The result is not good at all. Can you give me an advice?

AdneneBoumessouer commented 4 years ago

Rerun your experiments with mvtecCAE ,baselineCAE and inceptionCAE but this time by adding some variability to your dataset by increasing the data augmentation parameters in config.py, for example with the following values: ROT_ANGLE = 30 W_SHIFT_RANGE = 0.1 H_SHIFT_RANGE = 0.1 FILL_MODE = "nearest" BRIGHTNESS_RANGE = [0.90, 1.1] VAL_SPLIT = 0.1 Use the flag --inspect in train.py to generate inspection plots in order to assess the quality of the reconstructions.

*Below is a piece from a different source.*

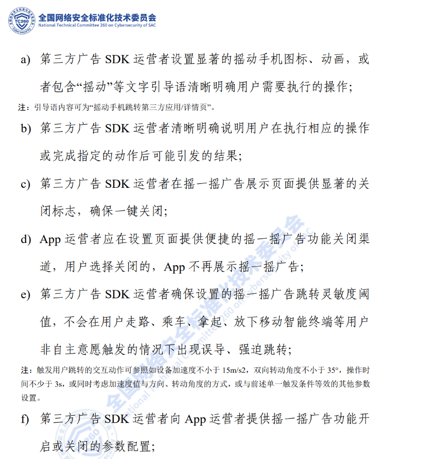 记者丨肖潇 编辑丨王俊 被消费者吐槽多年的“摇一摇”跳转广告,迎来更明确的行业规范。 7月22日,全国网络安全标准化技术委员会正式发布《网络安全标准实践指南——摇一摇广告触发行为安全要求》(下称《实践指南》),旨在确保用户自主选择“摇一摇”广告触发,避免误导和强迫跳转。 本次《实践指南》明确了“透明性、自主性、个人信息保护”三项基本原则,并细化了App运营者与第三方广告SDK的分工。 例如,第三方广告SDK不得设定过于敏感的触发参数,App则需提供醒目的“一键关闭”通道。 虽然作为技术性文件,《实践指南》不具强制效力,但可以被作为监管、执法和评估的重要参考。 明确广告SDK与手机App各自责任 关于“摇一摇”广告的消费者投诉 【下载黑猫投诉客户端】已持续多年。早在2024年1月,中消协发布消费维权舆情热点,其中之一即为“摇一摇”广告的泛滥现象。 中消协指出,在2023年“双11”期间,“摇一摇”跳转广告泛滥之势引发诸多热议。许多用户反映走路的时候打开App都能跳转到第三方软件,“甚至专门打开都没跳转的快”“想关也关不了”。 根据《实践指南》的解释,“摇一摇广告”是一种手机广告的触发形式,通常出现在 App 开屏首页。其通过调用手机中的加速度、重力、陀螺仪等一种或多种传感器实现,当用户的晃动动作触发设定阈值时,便自动跳转至广告页面。 过去几年,监管部门亦曾多次关注“摇一摇”广告的跳转乱象。 比如,2022年,电信终端产业协会在工信部指导下发布了《App用户权益保障测评规范》,要求App信息窗口不能欺骗性跳转,并具体设定了“摇一摇”广告的触发门槛:加速度不小于15m/s2,转动角度不小于 35°,操作时间不少于 3s。 2023年2月,工信部发布《关于进一步提升移动互联网应用服务能力的通知》,重申“不得利用高灵敏度‘摇一摇’等易造成误触发的方式诱导用户操作”。 尽管规范频出,“摇一摇”广告乱象仍难根治。21记者此前获悉,有第三方聚合广告SDK平台“指导”App开发者,根据监管检测形式,动态调整参数,躲避监管。最近这套灰色策略引起监管关注,约谈了第三方广告SDK。 多位业内技术人士告诉21记者,其实“摇一摇”广告的展示,大部分由第三方广告SDK控制。其是一种嵌入App里的开发工具包,也是快速接入广告资源的渠道。 而21记者注意到,相比征求意见稿,本次正式发布的《实践指南》在责任划分上更加清晰,明确区分了第三方广告SDK、App运营者的责任。 具体来说,《实践指南》要求第三方广告SDK必须设置清晰的“摇动”图标和指引,并确保广告的触发灵敏度不会因用户非自主意图的操作(如行走、乘车、拿起或放下设备)而产生误触跳转,触发阈值与此前规定一致。 与此同时,App运营者在接入第三方广告前,也要对相关参数进行检测,防止未经用户同意的参数更新。 App需设置一键关闭“摇一摇”广告渠道 从原则层面,《实践指南》还提出了对App运营者和第三方广告SDK的三项基本要求:透明性、自主性和个人信息保护。 其中,“透明性”意味着必须向用户披露真实、有效、完整的信息;“自主性”要求设置便捷的广告功能关闭渠道和合理的触发阈值,保障用户自主选择是否触发广告跳转;而“个人信息保护”旨在防止信息泄露和信息滥用。 针对 App 运营者,《实践指南》也提出了多项安全要求。比如,App应在设置页面提供便捷的“摇一摇”广告功能关闭渠道,用户选择关闭的,App 不再展示“摇一摇”广告。 此前,微博、豆瓣、哔哩哔哩、网易云音乐、虎扑、喜马拉雅、百度、番茄小说等应用均曾被用户点名投诉。在部分地方消协的介入下,已经有部分平台提供永久关闭“摇一摇”广告的选项,通常位于“设置”-“隐私权限”中。 截至7月23日,21记者再次测试以上8款App,其中哔哩哔哩、网易云音乐、虎扑、喜马拉雅、番茄小说4款App已能在后台设置了关闭“摇一摇广告”的选项,其余App以及市面上大多数应用暂未提供类似选项。 值得注意的是,《实践指南》作为技术性规范文件,并不具备强制力,但可作为行业监管、行政执法以及后续评估的重要依据。 (从左至右分别为:哔哩哔哩、番茄小说、网易云音乐的“摇一摇”广告关闭通道)

If the results are not satisfactory, try using resnetCAE with a batch size of 8, the ssim loss and grayscale and set the flag --inspect: python3 train.py -d mvtec/pill -a resnetCAE -b 8 -l ssim -c grayscale --inspect

nguyenanhtuan1008 commented 4 years ago

I try all mvtec, baseline, inception with your config, the val_mssim increased in training but the testing result not good.

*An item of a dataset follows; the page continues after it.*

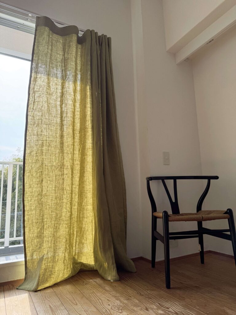 リネン特有のくすんだ色合いは、上品で落ち着いた空間を演出してくれます。

Traceback (most recent call last): File "finetune.py", line 360, in main(args) File "finetune.py", line 78, in main preprocessing_function = get_preprocessing_function(architecture) File "MVTec-Anomaly-Detection/processing/preprocessing.py", line 149, in get_preprocessing_function return preprocessing_function UnboundLocalError: local variable 'preprocessing_function' referenced before assignment

Epoch 9/10 30/30 [==============================] - 8s 260ms/step - loss: nan - ssim: nan

done. Visually inspect loss plot and select learning rate associated with falling loss <Figure size 640x480 with 1 Axes> INFO:autoencoder.autoencoder:lr with minimum loss divided by 10: 6.31E-02 INFO:autoencoder.autoencoder:lr with minimum numerical gradient: 1.45E-04 MVTec-Anomaly-Detection/autoencoder/autoencoder.py:231: RuntimeWarning: invalid value encountered in less self.lr_opt_i = np.argwhere(segment < optimal_loss)[0][0] Traceback (most recent call last): File "train.py", line 238, in main(args) File "train.py", line 81, in main autoencoder.find_lr_opt(train_generator, validation_generator) File "MVTec-Anomaly-Detection/autoencoder/autoencoder.py", line 194, in find_lr_opt self.custom_lr_estimate() File "MVTec-Anomaly-Detection/autoencoder/autoencoder.py", line 231, in custom_lr_estimate self.lr_opt_i = np.argwhere(segment < optimal_loss)[0][0] IndexError: index 0 is out of bounds for axis 0 with size 0

AdneneBoumessouer commented 3 years ago

Did you encounter the same problems for the other categories of the MVTec Dataset ?

nguyenanhtuan1008 commented 3 years ago

Did you encounter the same problems for the other categories of the MVTec Dataset ?

yes. got the same problem!

chenghao618 commented 2 years ago

对于 MVTec 数据集的其他类别,您是否遇到过同样的问题?

是的。遇到了同样的问题! Did you solve this problem? I saw that accuracy very low too.